As far as I'm concerned, it might still be a better way to refactor existing model codes.
it must have been working before, at the time the article was written...
note that adding "binding" to the view also converts the previously POD view to non-POD, which in turn enables EQ to be called and thus allows for the optimisation of not calling body unnecessarily. the same thing can be achieved by introducing an unused dummy state variable to the view (which definitely sounds like a hack).
in regards to this:
ForEach(0..<model.publishedItems.count) { index in
ItemView(item: $model.publishedItems[index])
}
i remember reading elsewhere that it's not good to have a variable iteration range here (so probably not so good if items can be added/removed)
i am not afraid of refactoring, the only restriction i have is that the ultimate source of truth model is in C... how that maps to swift is up to me. and so far i tried to (and managed to) avoid duplication of the actual object state variables keeping swift's PublishedItem tiny.
You're right, creating a ForEach from a Range<Int> is not always what we want, because that loses each item's explicit identity info, and each subview gains its implicit identity for its position in the view structure.
But in this case I think it's OK, because in the original code, the identity of each item is actually just an index, and the index never changes.
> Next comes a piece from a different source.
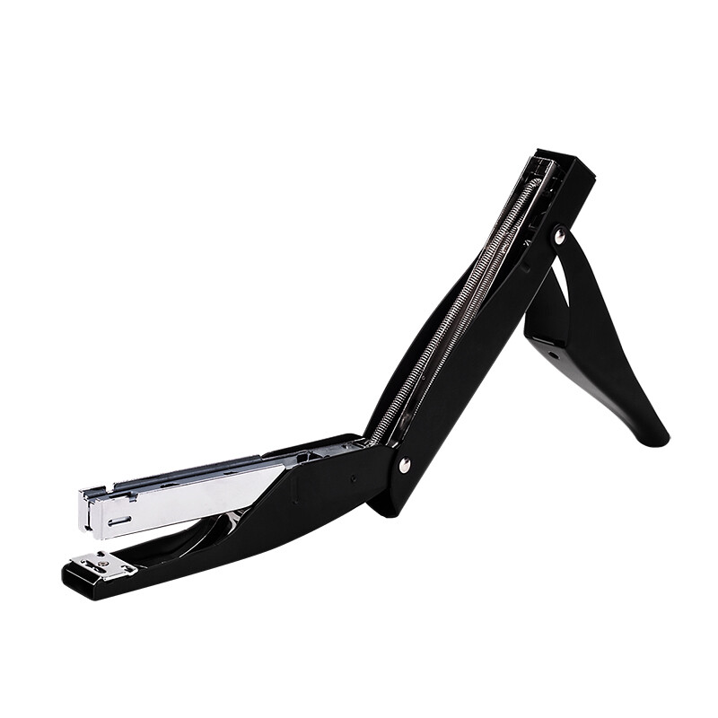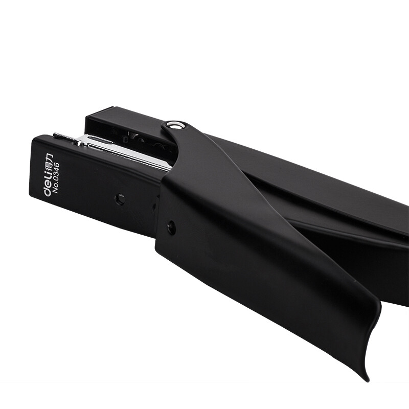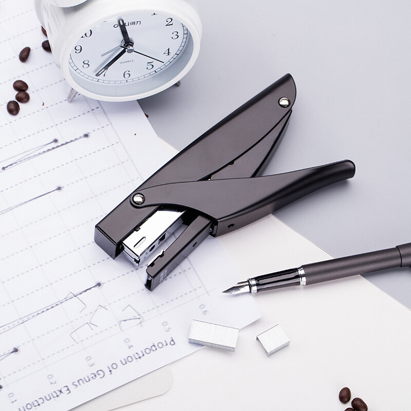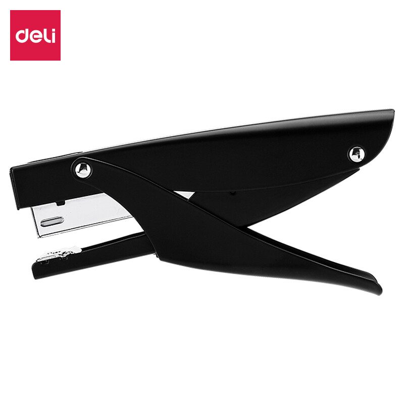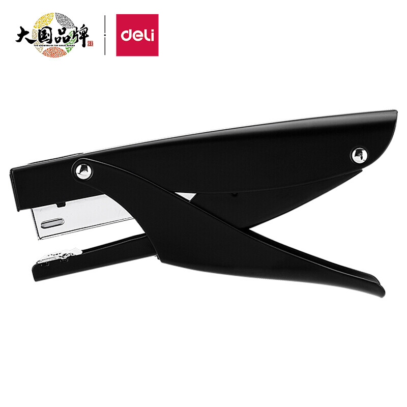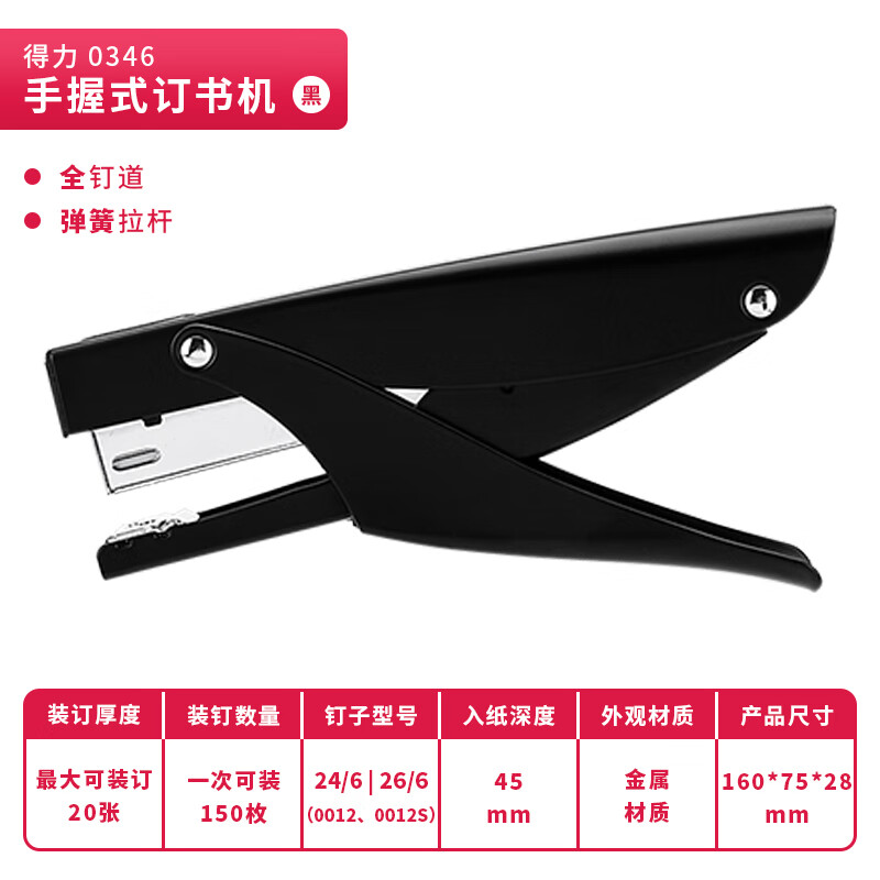 得力(deli)手握式金属质感耐用订书机/订书器 外卖打包便携手持装订 适配12#订书钉 黑色

However if in some day the items will be say reorder or removed, then this will result in UI glitches.
i see. i just oversimplified it for this thread... in the actual code ID's are UUID strings, and items can be dynamically added/removed.
What does this mean? What is POD?
Plain Old Data. Also known as a "trivial type". Value type, stores data only, no extra copy, move, destruction operations.
https://github.com/apple/swift/blob/main/docs/ABIStabilityManifesto.md#type-properties
you can use the method _isPOD() to check if a type is POD like so: _isPOD(Int.self)
and in relation to the thread someone from SwiftUI team decided it is good idea to do something like this (pseudocode):
if !_isPOD(a) {
equal = a == b
} else {
equal = memcmp(a, b) == 0
}
IMHO, a much better check there would be "is equatable" instead.
I thought about it a little bit and it makes absolutely no sense to use equatable when the values are byte-equal.
There is no possible way to differentiate two values which are equal byte wise.
Yes you could return false in the equatable implementation, for example based on a random number or always, but you can never in a deterministic way distinguish two values which are exactly the same.
Yes you could have an external global dependency which marks items as 'dirty' based on an id. But that won't work. When do you reset this flag? Is item A != Item B when the flag is dirty and then you reset the flag and suddenly they are equal although they didn't change at all? How do you know when these items will be compared and which items are compared right now? It's just not possible.
If two values are equal in memory, they are equal no matter what.
that's what i've settled upon so far:
struct PublishedItem: Identifiable, Equatable {
var id: String
var version: Int // getting bumped on every change
// dynamic properties here based on external model
var x: Double { ... }
// ...
}
every time external model changes the relevant version field is bumped in both external model data structure (in my case C based) and the corresponding swift's PublishedItem. with this approach i don't even have to have a custom Equatable implementation, and indeed memcmp compare works just fine.
still, the SwiftUI optimisation of not calling EQ for pod types feels totally wrong. for example my custom EQ can return true even if items are bitwise different (similar to what the "The Mystery Behind View Equality - The SwiftUI Lab" is doing).
sounds like a good solution to me
Yes I agree, it makes sense that its not called when they are the same but it would make sense to call it when they are not. From the documentation it sounds like that's what it should do. So maybe this is a bug or we miss understand the documentation.
i didn't test it thoroughly but it looks like this works on iOS13 but not 14 / 15. perhaps a bug.
EQV is indeed for preventing redraw, use id(_:) to force redraw instead.